By Larry Diehl
Symbiont Assembly is, first and foremost, an application platform for decentralized applications—called smart contracts, so there must be a programming language we use to write these applications. There are two main ways of accomplishing this goal: re-using a general-purpose language, such as Java, Golang, or Scala, or using a domain-specific programming language (DSL), like Bitcoin Script, or Solidity. In the enterprise blockchain space, there is some debate as to which strategy is better.

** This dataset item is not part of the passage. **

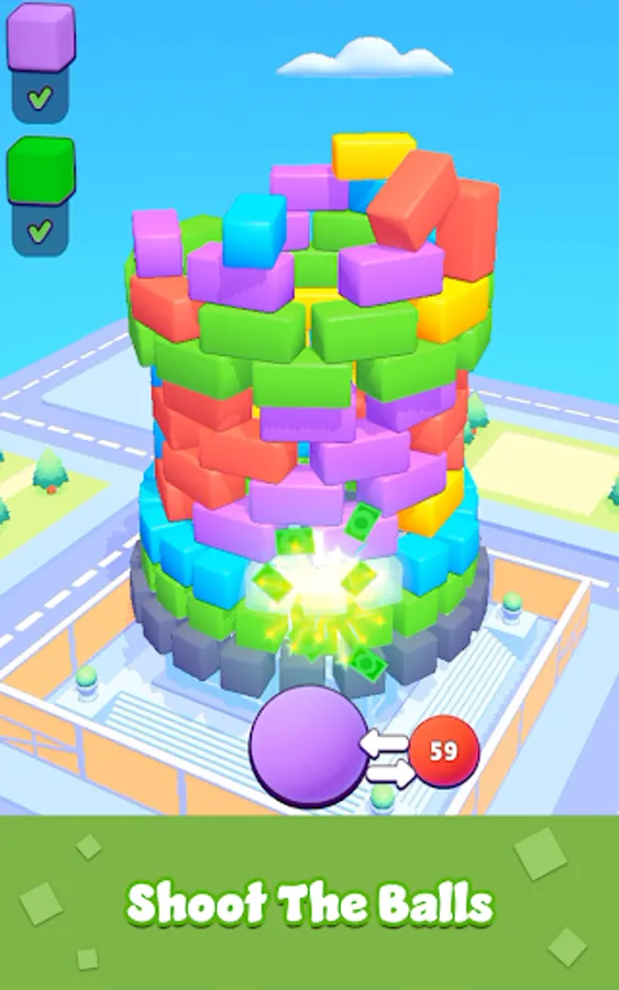 Welcome to the most addictive and colorful tower construction game you'll ever play! Get ready to break, burst, and blast your way to victory as you aim, fire, and shoot colored balls at the towering structure. Your mission? Make that tower fall!

At Symbiont, we've chosen to develop a domain-specific language, called SymPL (Symbiont Programming Language), for writing smart contracts targeting the Assembly blockchain platform. The goal of this post is to describe the motivation behind the high-level design of the SymPL smart contract DSL. Specifically, I’ll describe how SymPL is able to provide best-in-class language safety while also being more familiar and easier to use than other smart contract DSLs.
Symbiont's customers are today using SymPL to write complex and rich privacy-preserving
smart contract applications for the Assembly platform, and deploying them in mission-critical use cases. They depend on the strong safety features provided by the language to ensure that their smart contracts operate correctly and securely. They are able to build larger, more sophisticated applications, faster and more easily, than if they had to learn the unfamiliar or cumbersome programming paradigms that are often associated with the level of safety SymPL provides.
There are many reasons why a blockchain platform supporting distributed applications should use a specially designed DSL, rather than shoehorn an existing language into that role:
The semantics for a smart contract language should execute deterministically (e.g. no rand function) so the network can agree on a consistent view of data.
The language semantics should provide resource-tracking, to prevent a bad computation from executing a denial-of-service attack (DOS) against the decentralized network.
The language should have privacy and concurrency mechanisms to safely but effectively share sensitive data. While concurrency support is common in non-blockchain languages, privacy support is not.
The language should help in preventing errors via safety mechanisms (e.g. a type system and static analysis tools). Bugs in a blockchain environment tend to be especially costly due to the often financial or otherwise critical nature of distributed applications.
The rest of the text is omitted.